[osmosis-dev] Announcement of the OSMbin file-format

Brett Henderson brett at bretth.com
Wed Feb 4 20:54:10 GMT 2009


Karl Newman wrote:
> On Wed, Feb 4, 2009 at 5:16 AM, <marcus.wolschon at googlemail.com 
> <mailto:marcus.wolschon at googlemail.com>> wrote:
>
>     On Thu, 05 Feb 2009 00:02:37 +1100, Brett Henderson
>     <brett at bretth.com <mailto:brett at bretth.com>>
>     wrote:
>     > Good stuff!
>     >
>     > I'd like to play with the dataset support in particular.  A
>     persistence
>     > mechanisms that doesn't rely on a full database would be very
>     useful.
>     >  From your docs on the Osmosis/DetailedUsage page it looks like you
>     > don't have full dataset support yet.  Is that something you plan
>     to add?
>
>     Yes I do.
>     Random access is already working but streaming access is not
>     implemented
>     yet.
>     I am still thinking about how to
>     create a ReleasableIterator that can return all nodes AND ways AND
>     relations.
>
>     Also the reading of a bounding-box is still memory-bound as I need to
>     know all nodes to know what ways and relations to return. And I need
>     to keep note on what ways/relations I have already returned to not
>     return
>     them twice.
>     Any hints where in osmosis I may look? I guess you had to do similar
>     bookkeeping in other tasks already.
>
>
> Look at the IdTracker interface (core.filter.common) and see how it's 
> used in the AreaFilter task (core.filter.v0_6).
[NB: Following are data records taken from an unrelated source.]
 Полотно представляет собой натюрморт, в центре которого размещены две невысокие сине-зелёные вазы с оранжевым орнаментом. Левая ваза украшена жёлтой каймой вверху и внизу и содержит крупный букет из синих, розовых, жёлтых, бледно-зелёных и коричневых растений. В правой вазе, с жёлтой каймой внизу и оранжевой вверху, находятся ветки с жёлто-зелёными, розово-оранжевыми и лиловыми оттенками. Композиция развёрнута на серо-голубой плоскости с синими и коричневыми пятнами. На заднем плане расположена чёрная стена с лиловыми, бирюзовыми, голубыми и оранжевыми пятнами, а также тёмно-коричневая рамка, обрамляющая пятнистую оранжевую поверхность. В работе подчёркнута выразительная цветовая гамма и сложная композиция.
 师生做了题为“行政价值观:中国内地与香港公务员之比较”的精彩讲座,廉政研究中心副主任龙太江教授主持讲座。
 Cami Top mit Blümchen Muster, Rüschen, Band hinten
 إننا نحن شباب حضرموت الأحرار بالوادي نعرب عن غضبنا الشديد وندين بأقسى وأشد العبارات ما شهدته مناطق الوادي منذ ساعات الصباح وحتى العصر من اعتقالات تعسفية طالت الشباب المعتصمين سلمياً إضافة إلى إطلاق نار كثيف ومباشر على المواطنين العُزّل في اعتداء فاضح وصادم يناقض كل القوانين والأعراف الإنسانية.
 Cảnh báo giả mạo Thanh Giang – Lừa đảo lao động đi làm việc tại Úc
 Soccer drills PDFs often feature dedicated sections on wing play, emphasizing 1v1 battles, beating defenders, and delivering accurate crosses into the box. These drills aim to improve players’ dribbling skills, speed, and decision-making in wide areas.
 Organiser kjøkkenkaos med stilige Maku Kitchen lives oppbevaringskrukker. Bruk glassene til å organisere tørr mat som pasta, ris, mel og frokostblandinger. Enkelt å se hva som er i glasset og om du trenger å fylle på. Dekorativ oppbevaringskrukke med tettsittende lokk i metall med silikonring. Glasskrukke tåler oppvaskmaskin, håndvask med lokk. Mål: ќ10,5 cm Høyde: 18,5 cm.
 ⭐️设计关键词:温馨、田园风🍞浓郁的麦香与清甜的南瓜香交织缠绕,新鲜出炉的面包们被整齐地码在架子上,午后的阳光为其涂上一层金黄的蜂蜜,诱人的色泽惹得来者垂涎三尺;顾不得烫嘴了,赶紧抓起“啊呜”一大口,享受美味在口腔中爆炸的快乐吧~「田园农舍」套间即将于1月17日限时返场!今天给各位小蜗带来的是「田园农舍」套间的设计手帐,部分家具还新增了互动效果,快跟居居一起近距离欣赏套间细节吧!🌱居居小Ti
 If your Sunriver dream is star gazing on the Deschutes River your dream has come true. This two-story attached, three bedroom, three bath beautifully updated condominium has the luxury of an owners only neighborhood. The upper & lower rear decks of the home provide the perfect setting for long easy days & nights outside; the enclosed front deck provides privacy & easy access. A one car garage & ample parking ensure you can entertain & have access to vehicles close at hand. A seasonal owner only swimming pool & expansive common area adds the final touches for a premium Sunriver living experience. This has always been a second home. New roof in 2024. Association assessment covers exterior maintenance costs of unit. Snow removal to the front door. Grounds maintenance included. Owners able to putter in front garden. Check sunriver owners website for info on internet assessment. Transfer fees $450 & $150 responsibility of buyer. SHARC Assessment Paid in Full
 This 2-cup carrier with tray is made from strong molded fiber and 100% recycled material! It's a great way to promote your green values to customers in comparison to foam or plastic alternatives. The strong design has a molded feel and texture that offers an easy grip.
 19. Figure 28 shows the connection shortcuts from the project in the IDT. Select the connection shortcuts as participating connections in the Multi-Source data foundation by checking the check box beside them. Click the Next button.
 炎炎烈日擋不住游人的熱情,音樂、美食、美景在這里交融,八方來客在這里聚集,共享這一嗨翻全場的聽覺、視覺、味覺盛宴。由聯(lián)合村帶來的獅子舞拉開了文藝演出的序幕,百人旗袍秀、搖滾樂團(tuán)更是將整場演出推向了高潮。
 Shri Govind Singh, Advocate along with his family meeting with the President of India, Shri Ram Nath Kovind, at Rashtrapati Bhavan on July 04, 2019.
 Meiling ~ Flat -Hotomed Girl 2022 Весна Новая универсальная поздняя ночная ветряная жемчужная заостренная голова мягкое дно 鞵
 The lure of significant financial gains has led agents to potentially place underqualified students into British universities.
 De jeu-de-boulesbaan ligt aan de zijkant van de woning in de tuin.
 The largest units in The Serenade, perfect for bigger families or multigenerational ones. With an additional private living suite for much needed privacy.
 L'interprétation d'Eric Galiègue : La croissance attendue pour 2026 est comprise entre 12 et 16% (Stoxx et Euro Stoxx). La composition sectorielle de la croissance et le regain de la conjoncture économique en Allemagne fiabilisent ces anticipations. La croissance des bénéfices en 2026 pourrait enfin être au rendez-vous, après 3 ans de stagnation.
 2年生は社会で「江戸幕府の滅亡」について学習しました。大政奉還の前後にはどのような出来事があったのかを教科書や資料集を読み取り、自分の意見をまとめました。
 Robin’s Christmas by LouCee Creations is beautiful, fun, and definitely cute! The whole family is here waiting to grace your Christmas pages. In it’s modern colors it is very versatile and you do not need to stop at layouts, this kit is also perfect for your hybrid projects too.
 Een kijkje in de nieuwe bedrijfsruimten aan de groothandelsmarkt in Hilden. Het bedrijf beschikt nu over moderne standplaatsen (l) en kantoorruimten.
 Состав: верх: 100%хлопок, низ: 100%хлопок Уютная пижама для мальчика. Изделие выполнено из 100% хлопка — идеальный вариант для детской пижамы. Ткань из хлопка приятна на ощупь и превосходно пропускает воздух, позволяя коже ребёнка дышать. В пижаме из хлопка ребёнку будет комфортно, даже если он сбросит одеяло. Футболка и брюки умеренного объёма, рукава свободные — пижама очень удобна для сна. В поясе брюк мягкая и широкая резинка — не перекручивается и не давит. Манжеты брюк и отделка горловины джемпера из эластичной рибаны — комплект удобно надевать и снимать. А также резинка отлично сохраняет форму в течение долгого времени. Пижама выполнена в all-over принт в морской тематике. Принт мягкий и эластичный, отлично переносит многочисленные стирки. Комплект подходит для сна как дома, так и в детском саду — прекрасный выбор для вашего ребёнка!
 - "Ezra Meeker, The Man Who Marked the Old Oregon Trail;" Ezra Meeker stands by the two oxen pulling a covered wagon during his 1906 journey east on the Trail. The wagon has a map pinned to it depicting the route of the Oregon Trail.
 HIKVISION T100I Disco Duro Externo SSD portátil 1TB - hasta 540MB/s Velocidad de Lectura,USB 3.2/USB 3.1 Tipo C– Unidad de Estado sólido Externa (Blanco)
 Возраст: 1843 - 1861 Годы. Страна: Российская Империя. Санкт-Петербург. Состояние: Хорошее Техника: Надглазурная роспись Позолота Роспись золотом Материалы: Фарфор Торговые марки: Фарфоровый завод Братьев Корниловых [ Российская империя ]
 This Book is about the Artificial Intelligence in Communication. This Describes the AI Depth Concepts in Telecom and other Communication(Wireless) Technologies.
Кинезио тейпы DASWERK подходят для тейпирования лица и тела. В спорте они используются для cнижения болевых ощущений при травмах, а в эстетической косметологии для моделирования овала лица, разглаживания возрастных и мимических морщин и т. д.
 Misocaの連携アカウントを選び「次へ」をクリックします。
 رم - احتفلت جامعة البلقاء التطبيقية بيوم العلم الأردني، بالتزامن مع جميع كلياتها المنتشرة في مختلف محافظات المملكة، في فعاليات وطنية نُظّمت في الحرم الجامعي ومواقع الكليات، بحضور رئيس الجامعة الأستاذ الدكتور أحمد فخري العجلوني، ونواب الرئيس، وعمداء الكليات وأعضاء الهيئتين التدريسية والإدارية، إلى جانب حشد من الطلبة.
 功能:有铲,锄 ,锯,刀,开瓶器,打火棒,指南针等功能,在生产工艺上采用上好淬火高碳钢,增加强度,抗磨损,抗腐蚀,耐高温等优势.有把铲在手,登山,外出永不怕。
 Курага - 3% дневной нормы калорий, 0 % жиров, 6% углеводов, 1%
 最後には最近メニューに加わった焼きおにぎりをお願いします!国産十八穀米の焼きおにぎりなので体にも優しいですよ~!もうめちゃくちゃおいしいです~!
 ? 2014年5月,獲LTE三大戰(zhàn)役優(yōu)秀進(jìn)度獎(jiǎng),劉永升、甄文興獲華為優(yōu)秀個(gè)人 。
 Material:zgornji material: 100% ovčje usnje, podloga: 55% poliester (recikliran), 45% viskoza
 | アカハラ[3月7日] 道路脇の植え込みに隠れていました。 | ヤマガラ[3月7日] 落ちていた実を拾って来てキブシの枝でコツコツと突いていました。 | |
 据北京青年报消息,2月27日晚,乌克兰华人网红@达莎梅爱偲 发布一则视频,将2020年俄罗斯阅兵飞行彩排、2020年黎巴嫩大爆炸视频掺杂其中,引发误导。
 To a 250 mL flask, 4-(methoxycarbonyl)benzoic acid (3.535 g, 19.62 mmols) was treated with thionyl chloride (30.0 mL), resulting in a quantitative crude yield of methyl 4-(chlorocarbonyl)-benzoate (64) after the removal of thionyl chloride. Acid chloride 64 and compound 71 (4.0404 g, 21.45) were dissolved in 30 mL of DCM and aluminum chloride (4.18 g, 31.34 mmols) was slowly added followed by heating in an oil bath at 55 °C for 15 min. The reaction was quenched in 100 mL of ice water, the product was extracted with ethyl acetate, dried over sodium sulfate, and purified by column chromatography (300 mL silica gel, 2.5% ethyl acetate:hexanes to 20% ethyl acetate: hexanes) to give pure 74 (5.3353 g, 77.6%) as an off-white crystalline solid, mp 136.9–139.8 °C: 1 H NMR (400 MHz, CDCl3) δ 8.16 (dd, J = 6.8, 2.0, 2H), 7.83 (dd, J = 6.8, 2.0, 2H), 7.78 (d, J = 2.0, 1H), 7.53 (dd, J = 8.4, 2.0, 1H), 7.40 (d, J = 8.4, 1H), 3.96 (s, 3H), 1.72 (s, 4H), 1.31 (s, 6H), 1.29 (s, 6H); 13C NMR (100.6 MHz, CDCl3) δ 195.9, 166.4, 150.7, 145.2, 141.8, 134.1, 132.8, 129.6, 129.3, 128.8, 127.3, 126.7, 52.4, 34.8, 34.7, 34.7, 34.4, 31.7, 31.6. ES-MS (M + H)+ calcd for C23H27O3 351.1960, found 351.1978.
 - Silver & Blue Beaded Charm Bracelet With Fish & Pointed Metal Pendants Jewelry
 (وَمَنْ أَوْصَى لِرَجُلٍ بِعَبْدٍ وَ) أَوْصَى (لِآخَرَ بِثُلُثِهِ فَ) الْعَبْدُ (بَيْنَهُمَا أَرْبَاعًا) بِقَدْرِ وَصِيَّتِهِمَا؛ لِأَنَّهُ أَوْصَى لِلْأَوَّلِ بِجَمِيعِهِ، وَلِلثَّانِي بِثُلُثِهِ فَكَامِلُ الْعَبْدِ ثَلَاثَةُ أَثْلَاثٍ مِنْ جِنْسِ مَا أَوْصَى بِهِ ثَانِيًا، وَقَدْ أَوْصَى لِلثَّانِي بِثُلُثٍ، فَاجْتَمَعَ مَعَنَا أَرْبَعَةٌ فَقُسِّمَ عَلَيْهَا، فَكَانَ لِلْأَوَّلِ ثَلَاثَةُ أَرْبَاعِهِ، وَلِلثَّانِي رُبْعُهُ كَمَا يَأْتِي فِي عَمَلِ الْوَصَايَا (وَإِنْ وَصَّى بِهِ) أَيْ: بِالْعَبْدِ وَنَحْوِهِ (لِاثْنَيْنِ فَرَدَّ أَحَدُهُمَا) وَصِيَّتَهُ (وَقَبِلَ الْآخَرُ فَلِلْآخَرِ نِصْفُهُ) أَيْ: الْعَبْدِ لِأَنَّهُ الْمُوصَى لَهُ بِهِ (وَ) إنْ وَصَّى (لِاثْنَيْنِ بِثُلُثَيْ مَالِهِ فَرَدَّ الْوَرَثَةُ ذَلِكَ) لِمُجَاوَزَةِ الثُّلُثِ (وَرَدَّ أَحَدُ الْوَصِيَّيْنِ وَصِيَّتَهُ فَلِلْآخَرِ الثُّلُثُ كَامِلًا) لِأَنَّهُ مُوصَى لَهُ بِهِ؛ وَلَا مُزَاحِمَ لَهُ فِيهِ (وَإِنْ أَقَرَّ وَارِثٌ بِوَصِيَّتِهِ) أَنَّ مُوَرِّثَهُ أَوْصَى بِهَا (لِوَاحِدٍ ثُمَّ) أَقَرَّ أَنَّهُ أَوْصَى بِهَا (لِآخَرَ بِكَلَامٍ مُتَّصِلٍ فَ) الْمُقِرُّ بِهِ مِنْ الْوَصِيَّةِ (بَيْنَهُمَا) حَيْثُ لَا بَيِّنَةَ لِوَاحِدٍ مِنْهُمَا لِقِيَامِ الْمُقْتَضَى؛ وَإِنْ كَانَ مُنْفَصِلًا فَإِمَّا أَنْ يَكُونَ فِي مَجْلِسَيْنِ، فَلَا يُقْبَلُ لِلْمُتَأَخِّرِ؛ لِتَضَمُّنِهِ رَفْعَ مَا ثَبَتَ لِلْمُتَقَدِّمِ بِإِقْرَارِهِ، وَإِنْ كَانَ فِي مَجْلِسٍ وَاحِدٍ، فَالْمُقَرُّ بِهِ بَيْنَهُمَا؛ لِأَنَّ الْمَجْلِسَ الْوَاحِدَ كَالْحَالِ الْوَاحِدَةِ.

Another class to checkout is 
org.openstreetmap.osmosis.core.customdb.v0_6.impl.DatasetStoreReader 
which provides the dataset implementation for my customdb storage.  It 
inherits much of its functionality from 
org.openstreetmap.osmosis.core.filter.v0_6.impl.BaseDatasetReader (I 
don't know why I put it in that package ...).  As Karl suggests it uses 
IdTracker instances to keep track of all the ids in the bbox.  The 
customdb storage uses a quadtile mechanism for identifying nodes, and 
either quadtiles or node_way relations to identify ways.  That side 
worked reasonably well from memory.  The real performance problems with 
it came when trying to stream out the data associated with the ids.  
Pulling out the data associated with each id required a lot of disk 
seeking which never performed well.  I'm hoping that the osmbin 
implementation will work better there.